ESCRS - FP05.07 - CLINICAL OUTCOMES OF ARTIFICIAL CORNEAL ENDOTHELIAL TRANSPLANT IN A TERTIARY REFERRAL CENTRE

CLINICAL OUTCOMES OF ARTIFICIAL CORNEAL ENDOTHELIAL TRANSPLANT IN A TERTIARY REFERRAL CENTRE

Published 2026 - 30th ESCRS Winter Meeting

Reference: FP05.07 | Type: Free Paper | DOI: 10.82333/yesd-3340

Authors: Mayank Nanavaty* 1 , Issac Levy 1

1Sussex Eye Hospital,University Hospitals Sussex NHS Foundation Trust,Brighton,United Kingdom

Purpose

To evaluate the safety and efficacy of artificial endothelial layer implantation (EndoArt) for the treatment of chronic corneal oedema in high-risk eyes with multiple failed grafts and complex ocular comorbidities at a tertiary referral centre.

Setting

Tertiary referral ophthalmology department, Sussex Eye Hospital, University Hospitals Sussex NHS Foundation Trust, United Kingdom.

Methods

This retrospective case series included 14 eyes of 14 patients (mean age 73.2 ± 16.0 years) who underwent EndoArt implantation for chronic corneal oedema between December 2024 and October 2025. Primary outcome measures included best-corrected distance visual acuity (BCDVA) in logMAR, central corneal thickness (CCT) in micrometres, and surgical complications.

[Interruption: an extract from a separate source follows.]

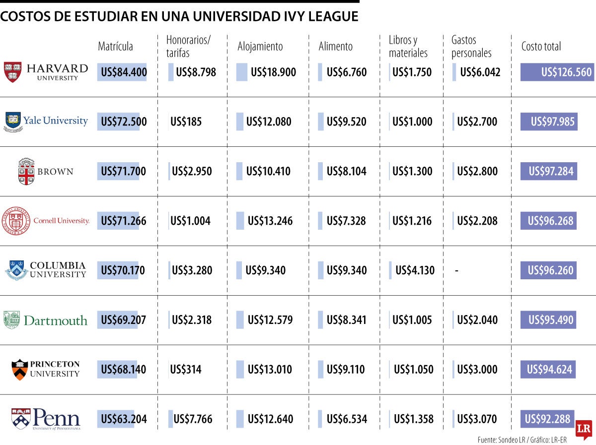 ¿Se ha preguntado cuánto podría costar estudiar en una de las universidades del prestigioso grupo de élite Ivy League? Nos dimos a la tarea de averiguarlo y descubrimos que su calidad es tan alta como sus precios. Antes que nada, ¿cuáles son las instituciones que conforman el listado? Harvard, Yale, Brown, Cornell, Columbia, Dartmouth, Princeton y la Universidad de Pensilvania hacen parte del bloque y son algunas de las universidades más reconocidas de todo el planeta. Sus costos anuales oscilan entre US$126.560 y US$92.288. Estos precios fueron obtenidos de las páginas oficiales para el periodo 2026, con corte a marzo.

Mean follow-up was 4.2 months (range 0-10 months).

Results

Indications: The cohort comprised 64.3% (9/14) eyes with previous failed grafts including penetrating keratoplasty (n=4), Descemet membrane endothelial keratoplasty (n=4), and Descemet stripping automated endothelial keratoplasty (n=2). The primary indications were Fuchs endothelial dystrophy in 21.4% (3/14) of eyes, pseudophakic bullous keratopathy in 14.3% (2/14) of eyes, and infectious keratitis (fungal, herpes simplex, and varicella zoster) in 21.4% (3/14) of eyes. Associated comorbidities included glaucoma with drainage devices in 28.6% (4/14) eyes, pseudoexfoliation in 14.3% (2/14) eyes, complex cataract surgery complications in 14.3% (2/14) eyes, vitreoretinal surgery history in 14.3% (2/14) eyes, and aniridia in 7.1% (1/14) eyes. Visual and anatomical outcomes: In eyes with complete data (n=4), BCDVA improved significantly from 1.82 ± 0.57 logMAR preoperatively to 0.85 ± 0.77 logMAR postoperatively, representing a mean improvement of 0.98 logMAR. Visual acuity improved in 75% of eyes. In paired CCT analysis (n=3), mean CCT decreased from 819 ± 91 µm preoperatively to 621 ± 83 µm at 6 months postoperatively, representing a 24.2% reduction (198 µm). Complications: Resuturing was required in 22.2% (2/9) of eyes. No eyes required rebubbling (0/8). Mean intraocular pressure at last follow-up was 17.5 ± 0.7 mmHg. No device-related infections or severe complications occurred during the follow-up period.

 
 
 
 

 

Conclusion

EndoArt implantation demonstrated promising early outcomes in this high-risk cohort with previous graft failures and complex ocular comorbidities. The procedure resulted in significant improvements in visual acuity and corneal thickness with a low complication rate. These findings support EndoArt as a viable alternative for treating chronic corneal oedema in eyes with poor prognosis for conventional keratoplasty. Longer follow-up is warranted to evaluate long-term device stability and visual outcomes.